#### DATASET EXTRACT ####
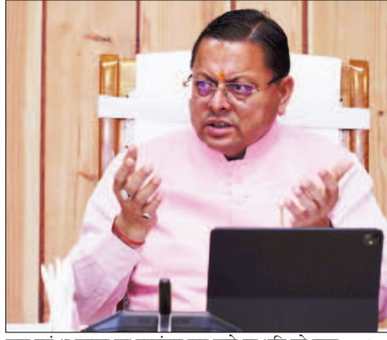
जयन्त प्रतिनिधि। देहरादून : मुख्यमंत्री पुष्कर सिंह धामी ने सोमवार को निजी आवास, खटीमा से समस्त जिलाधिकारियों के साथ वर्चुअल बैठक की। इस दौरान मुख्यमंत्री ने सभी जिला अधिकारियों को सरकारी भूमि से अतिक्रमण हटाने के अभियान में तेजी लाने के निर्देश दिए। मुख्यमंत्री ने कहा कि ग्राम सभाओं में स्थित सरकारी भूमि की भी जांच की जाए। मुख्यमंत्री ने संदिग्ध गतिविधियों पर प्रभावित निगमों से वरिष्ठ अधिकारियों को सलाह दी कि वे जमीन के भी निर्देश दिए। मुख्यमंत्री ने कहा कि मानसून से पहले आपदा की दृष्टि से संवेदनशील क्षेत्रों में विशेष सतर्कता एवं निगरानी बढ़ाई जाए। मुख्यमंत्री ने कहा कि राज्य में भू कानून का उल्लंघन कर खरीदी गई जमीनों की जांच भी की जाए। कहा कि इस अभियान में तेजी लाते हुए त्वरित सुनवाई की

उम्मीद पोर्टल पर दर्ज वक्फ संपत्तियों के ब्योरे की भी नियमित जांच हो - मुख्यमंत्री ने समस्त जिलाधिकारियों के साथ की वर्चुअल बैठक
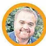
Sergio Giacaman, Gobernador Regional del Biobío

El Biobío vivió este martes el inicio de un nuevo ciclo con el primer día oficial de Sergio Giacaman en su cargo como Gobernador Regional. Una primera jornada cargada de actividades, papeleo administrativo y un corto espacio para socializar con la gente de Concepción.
####
WHAT IS REQUIRED>
Leaving each image aside, repeat the listing above exactly.

EXERCISE RESULT>
जयन्त प्रतिनिधि। देहरादून : मुख्यमंत्री पुष्कर सिंह धामी ने सोमवार को निजी आवास, खटीमा से समस्त जिलाधिकारियों के साथ वर्चुअल बैठक की। इस दौरान मुख्यमंत्री ने सभी जिला अधिकारियों को सरकारी भूमि से अतिक्रमण हटाने के अभियान में तेजी लाने के निर्देश दिए। मुख्यमंत्री ने कहा कि ग्राम सभाओं में स्थित सरकारी भूमि की भी जांच की जाए। मुख्यमंत्री ने संदिग्ध गतिविधियों पर प्रभावित निगमों से वरिष्ठ अधिकारियों को सलाह दी कि वे जमीन के भी निर्देश दिए। मुख्यमंत्री ने कहा कि मानसून से पहले आपदा की दृष्टि से संवेदनशील क्षेत्रों में विशेष सतर्कता एवं निगरानी बढ़ाई जाए। मुख्यमंत्री ने कहा कि राज्य में भू कानून का उल्लंघन कर खरीदी गई जमीनों की जांच भी की जाए। कहा कि इस अभियान में तेजी लाते हुए त्वरित सुनवाई की

उम्मीद पोर्टल पर दर्ज वक्फ संपत्तियों के ब्योरे की भी नियमित जांच हो - मुख्यमंत्री ने समस्त जिलाधिकारियों के साथ की वर्चुअल बैठक
Sergio Giacaman, Gobernador Regional del Biobío

El Biobío vivió este martes el inicio de un nuevo ciclo con el primer día oficial de Sergio Giacaman en su cargo como Gobernador Regional. Una primera jornada cargada de actividades, papeleo administrativo y un corto espacio para socializar con la gente de Concepción.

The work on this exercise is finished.